Before delving into those details though, let's first examine a barebones Perl script that uses the DBI and DBD::Oracle modules. We'll briefly outline the function of different parts of the script that setup the environment, make the database connection and prepare the SQL, and then spend a little more time on the details of the working section.

 

Don't worry about completely understanding all of the Perl syntax, it's not important at this point.
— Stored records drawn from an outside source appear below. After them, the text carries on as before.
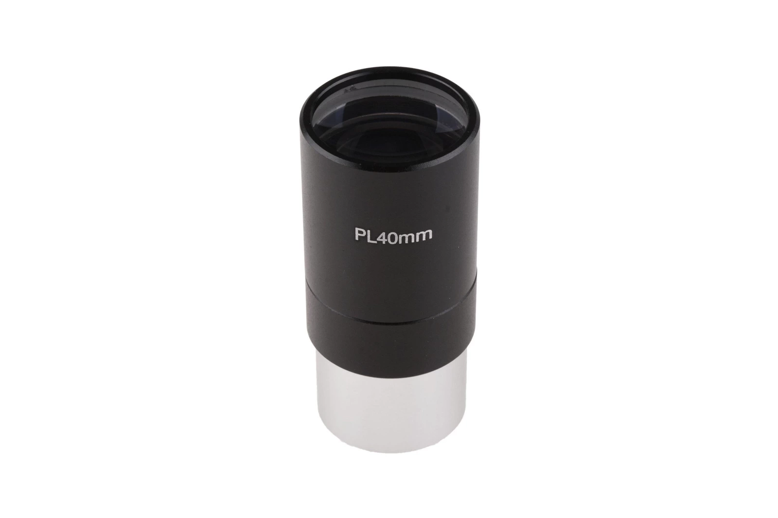 A Plossl eyepiece made of metal and polymer with a focal length of 40 mm. Features a standard 1.25 mm frame diameter, which makes it compatible with a majority of microscopes.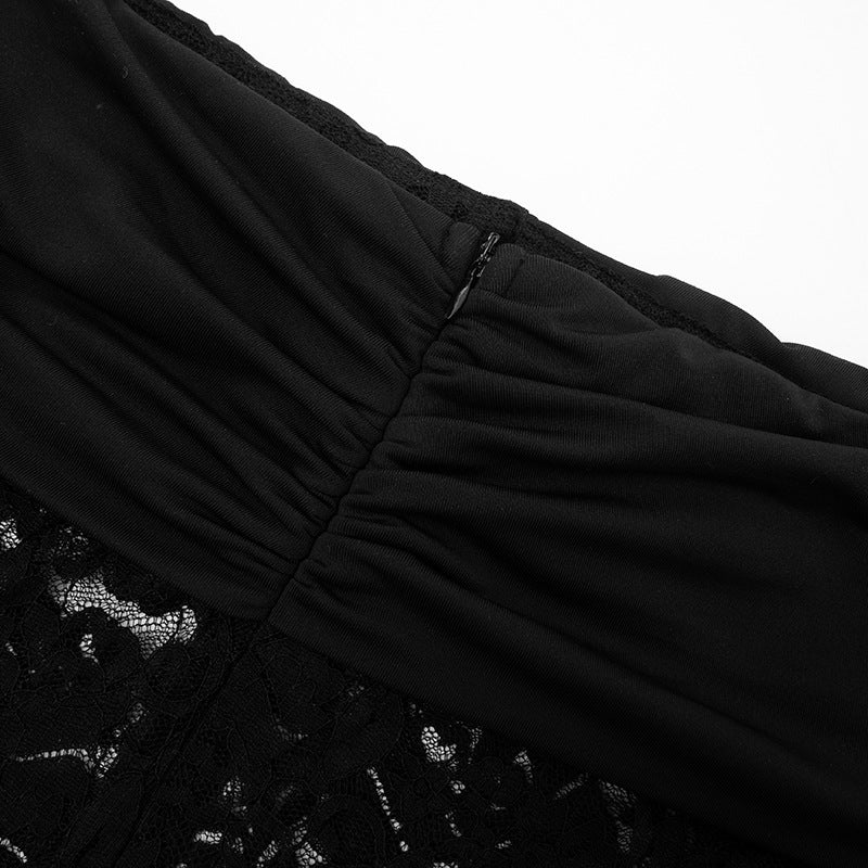 This women’s jumpsuit features an off-the-shoulder ruched neckline, sheer lace long sleeves, flared legs, and a waist sash detail. The lace sleeves add a delicate, polished touch, while the flared leg silhouette visually lengthens your legs. This women's one-piece is perfect for night outs, parties, or formal date occasions.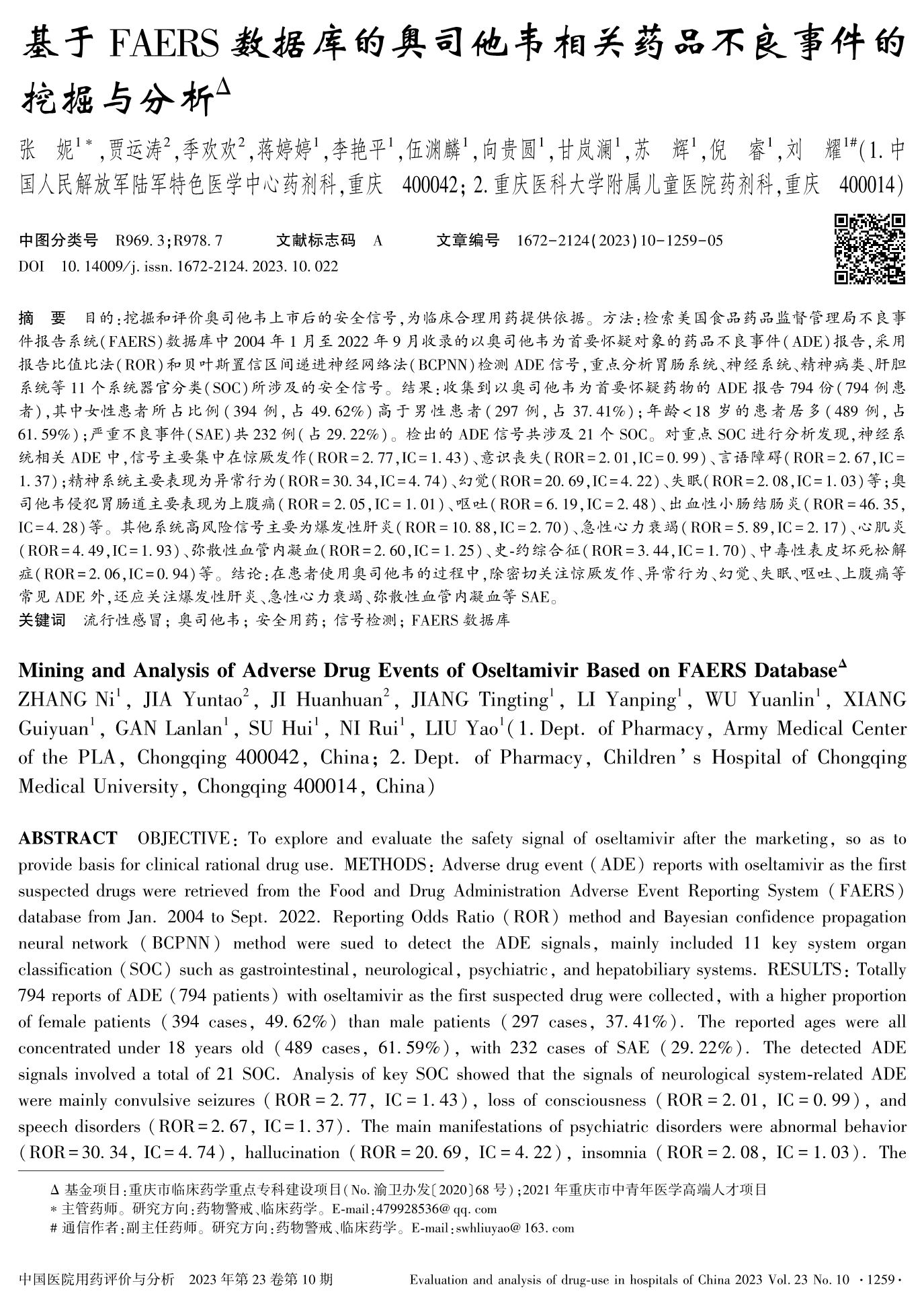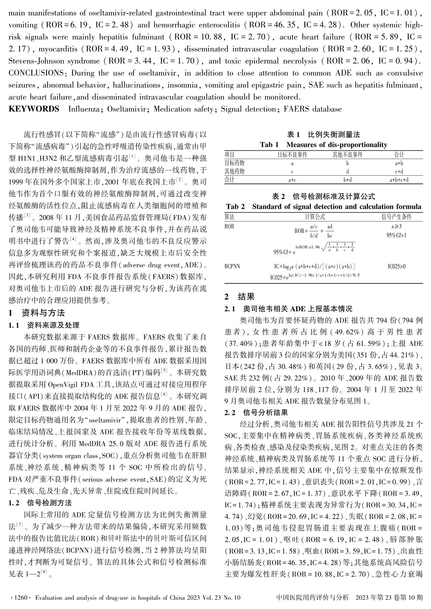 基于FAERS數(shù)據(jù)庫(kù)的奧司他韋相關(guān)藥品不良事件的挖掘與分析

What is important is seeing what Perl can do for you.

 

Lines 1-7: These load the required Perl Modules.

1: #!/usr/bin/perl -w

2:

3: use warnings;

4: use strict;

5: use DBI;

6: use Getopt::Long;

7:

 

Lines 8-38 setup the command line interface via the Getopt::Long module, retrieve command line arguments and cause the script to exit with an error if the expected arguments are not available.

 

8: my %optctl = ();

9:

10: Getopt::Long::GetOptions(

11: \%optctl,

12: "database=s",

13: "username=s",

14: "password=s",

15: "sysdba!",

16: "sysoper!",

17: "z","h","help");

18:

19: my($db, $username, $password, $connectionMode);

20:

21: $connectionMode = 0;

22: if ( $optctl{sysoper} ) { $connectionMode = 4 }

23: if ( $optctl{sysdba} ) { $connectionMode = 2 }

24:

25: if ( ! defined($optctl{database}) ) {

26: Usage();

27: die "database required\n";

28: }

29: $db=$optctl{database};

30:

31: if ( ! defined($optctl{username}) ) {

32: Usage();

33: die "username required\n";

34: }

35:

36: $username=$optctl{username};

37: $password = $optctl{password};

38:

 

Lines 39- 47 make the connection to the database, and line 49 causes the script to exit if the connection failed.

 

39: my $dbh = DBI->connect(

40: 'dbi:Oracle:' . $db,

41:

$username, $password,

42: {

43: RaiseError => 1,

44: AutoCommit => 0,

45: ora_session_mode => $connectionMode

46:

}

47:

);

48:

49: die "Connect to $db failed \n" unless $dbh;

 

Line 51 sets the number of rows to be retrieved from the database in each call, much like SET ARRAYSIZE in sqlplus.

 

50:

51: $dbh->{RowCacheSize} = 100;

52:

 

Lines 53-57 setup the SQL, prepare the SQL and request the database to execute it. If you have ever used the DBMS_SQL package, this may look somewhat familiar.

 

53: my $sql=q{select * from dual};

54:

55: my $sth = $dbh->prepare($sql);

56:

57: $sth->execute;

58:

 

Lines 59-61 are the working portion of this code. As each row is retrieved, it is placed into an array of name array in line 59, and the zeroth element of the array is printed in line 60. This section doesn't do much now, but we'll add to it later.

 

59: while( my @array = $sth->fetchrow_array ) {

60: print "$array[0]\n";

61: }

62:

Line 63 disconnects from the database. Since there is no more code to execute below this section, the Perl will exit the script

 

63: $dbh->disconnect;

64:

 

Lines 65-70 are a usage() subroutine that is called when the help option is present on the command line, or if expected command line arguments are not present.

 

65: sub Usage {

66: print "\n";

67: print "usage: DBI_template.pl\n";

68: print " DBI_template.pl -database dv07 -username scott -password tiger [-sysdba || -sysoper]\n";

69: print "\n";

70: }

 

Running this script should prove rather uneventful, as all it does is connect to a database and print the output from SELECT * FROM DUAL.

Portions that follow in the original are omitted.